Jiang, Ming (China University of Petroleum) | Ke, Shizhen (China University of Petroleum) | Kang, Zhengming (China University of Petroleum) | Sun, Xu (China University of Petroleum) | Yin, Chengfang (China University of Petroleum)
Identifying low-resistivity reservoirs, which are important oil reservoirs with considerable productivity, is a real challenge to conventional electrical resistivity logging methods. For this reason, this paper introduces a new spectrum logging method for effective identification of low-resistivity reservoirs. This method measures the complex-resistivity spectrum of formation, which is sensitive to water-filled porosity without the influence of low resistivity. This paper presents the relationships between the complex-resistivity spectrum and petrophysical properties based on laboratory data. The electrode array of the prototype for borehole testing is also described. A numerical simulation was performed to study the detection characteristics of this prototype and field tests were conducted to verify the feasibility of this method. The results show that variations in water-filled porosity obtained by this method show a good fit with the actual values. Further, water saturation can be obtained for oil reservoirs, especially for low-resistivity reservoirs. This logging method provides an approach to characterize oil reservoirs that is more effective than existing methods for the case of low-resistivity reservoirs.

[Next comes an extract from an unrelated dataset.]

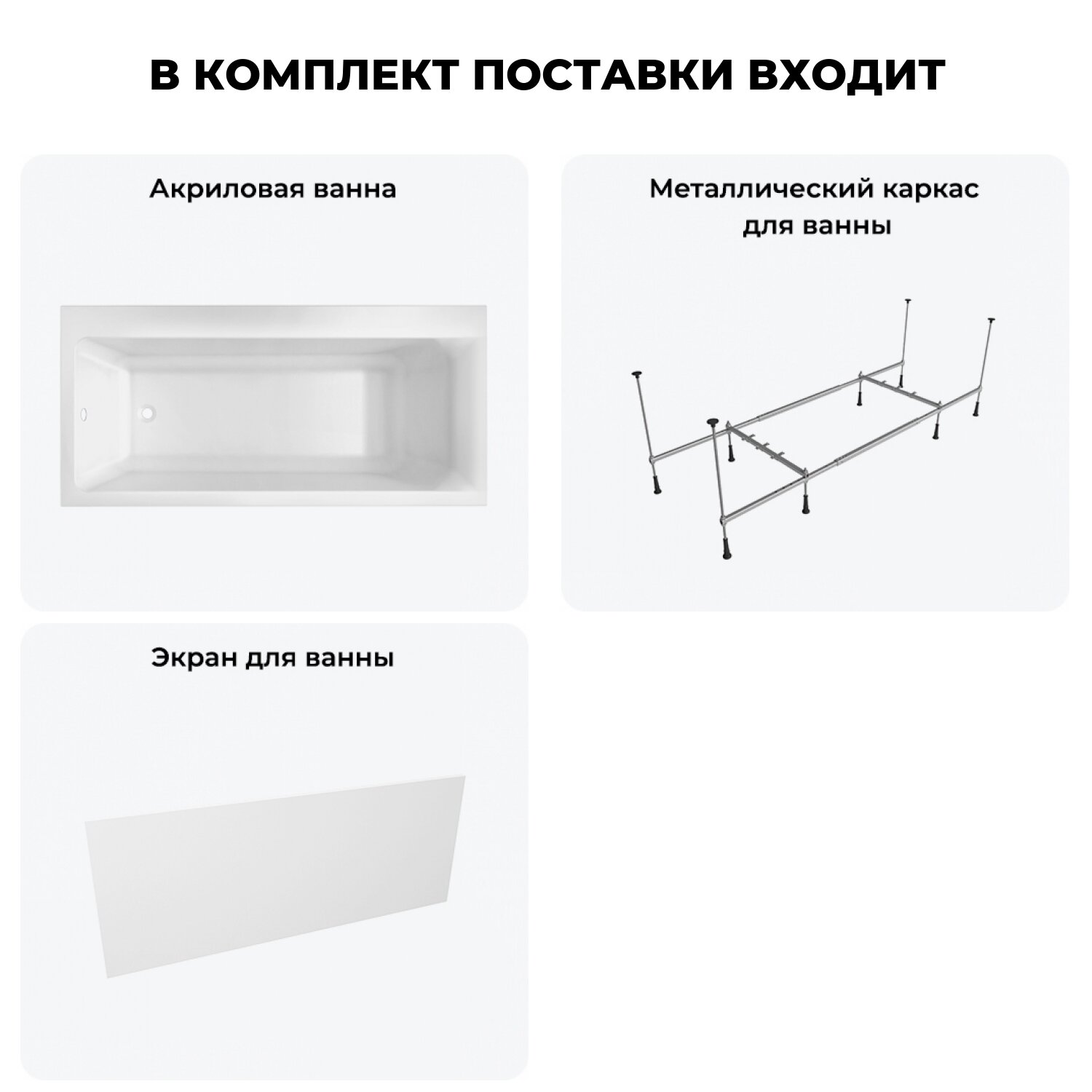 | Подробная комплектация | акриловая ванна Catani 160x80 см; усиленный металлический каркас с монтажным набором Complement; ультраплоский лицевой (фронтальный) экран Complement; инструкция по монтажу и эксплуатации; гарантийный талон. |

During the past four decades, an increasing number of low-resistivity reservoirs have been discovered in new locations. Today there are many documented records of low-resistivity reservoirs in locations including the Gulf of Mexico, North Sea, Indonesia, Venezuela, and the Tarim Basin. Several studies have proven the productivity of these reservoirs (Zemanek, 1989; Souvick, 2003), but the term ‘low-resistivity reservoir’ is rather relative and lacks an absolute description. Low-resistivity reservoirs not only imply low absolute values of resistivity, but also a lack of positive contrast in measured resistivity between the reservoir and the water zone, making them difficult to identify using traditional electrical logging data. There are many causes of low-resistivity reservoirs, but there is usually only one primary cause in any given location. For example, Gulf Coast (USA) and Misoa Sands (Venezuela) are caused by laminated shaly sand (Ruhovets, 1990; Coll et al., 1996), Midway Sunset Field (California, USA) and Potiguar Basin (NE Brazil) are caused by fresh formation waters (Wharton et al., 1981; Condessa, 1995), and the Simpson Series (Oklahoma, USA) is caused by conductive minerals (Schulze et al., 1985).